Bug #19744
closedmon: pg_create not re-sent after primary osd changed
0%
Description
This happened during an upgrade test, but I think the issue has nothing to do with upgrades.
pg_create arrives while osd is starting (pool create and osd restart race! this is probably why teh upgrade suite triggered it):
2017-04-20 20:35:45.300933 7fef1a23e700 1 -- 172.21.15.67:6811/13837 <== mon.0 172.21.15.47:6789/0 10 ==== osd_pg_create(e6 3.2:6 3.4:6 3.7:6) v3 ==== 235+0+0 (1372823504 0 0) 0x7fef36d83200 con 0x7fef36c4a000 2017-04-20 20:35:45.300946 7fef1a23e700 20 osd.1 5 OSD::ms_dispatch: osd_pg_create(e6 3.2:6 3.4:6 3.7:6) v3 2017-04-20 20:35:45.300950 7fef1a23e700 10 osd.1 5 do_waiters -- start 2017-04-20 20:35:45.300952 7fef1a23e700 10 osd.1 5 do_waiters -- finish 2017-04-20 20:35:45.300954 7fef1a23e700 20 osd.1 5 _dispatch 0x7fef36d83200 osd_pg_create(e6 3.2:6 3.4:6 3.7:6) v3 2017-04-20 20:35:45.300969 7fef1a23e700 10 osd.1 5 handle_pg_create osd_pg_create(e6 3.2:6 3.4:6 3.7:6) v3 2017-04-20 20:35:45.300974 7fef1a23e700 15 osd.1 5 require_same_or_newer_map 6 (i am 5) 0x7fef36d83200 2017-04-20 20:35:45.300976 7fef1a23e700 7 osd.1 5 waiting for newer map epoch 6 > my 5 with 0x7fef36d83200
the osd goes active..
2017-04-20 20:35:47.446319 7fef1f17e700 1 osd.1 8 state: booting -> active
and then we reprocess teh message
2017-04-20 20:35:47.456488 7fef1923c700 10 osd.1 8 handle_pg_create osd_pg_create(e6 3.2:6 3.4:6 3.7:6) v3 2017-04-20 20:35:47.456494 7fef1923c700 15 osd.1 8 require_same_or_newer_map 6 (i am 8) 0x7fef36d83200 2017-04-20 20:35:47.456496 7fef1923c700 7 osd.1 8 from pre-up epoch 6 < 8
Updated by Sage Weil about 7 years ago
I think the require_self_aliveness() can be ignored in the pg_create case. That's the simplest fix.

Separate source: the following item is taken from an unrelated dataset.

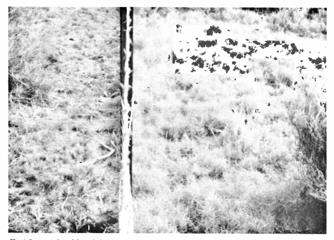
Fig. 4. Regeneration of Sporobolus virginicus after 21 months protection from rabbits and stock.

Approximately 60 km east of the Dalhousie Springs complex is Purnie Bore. This bore was put down during a period of oil exploration and has been flowing since 1964. The water forms a large lagoon several hundred metres long between the sand dunes. Regrettably since then this portion of the desert has been stocked with cattle.
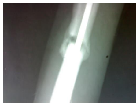
Figure 11 and 12: Radiographs at 3 ½ months showing more bridging callus on either side of the fracture both anteriorly and posteriorly

ALternatively, subscriptions could be reset when the osd goes active, but i don't think the mon protocol lets you do that. :(
Updated by Sage Weil about 7 years ago
Actually, wait: I think the mon should recalculate the pg mapping when the osd goes "up" in 8 and resend the create message?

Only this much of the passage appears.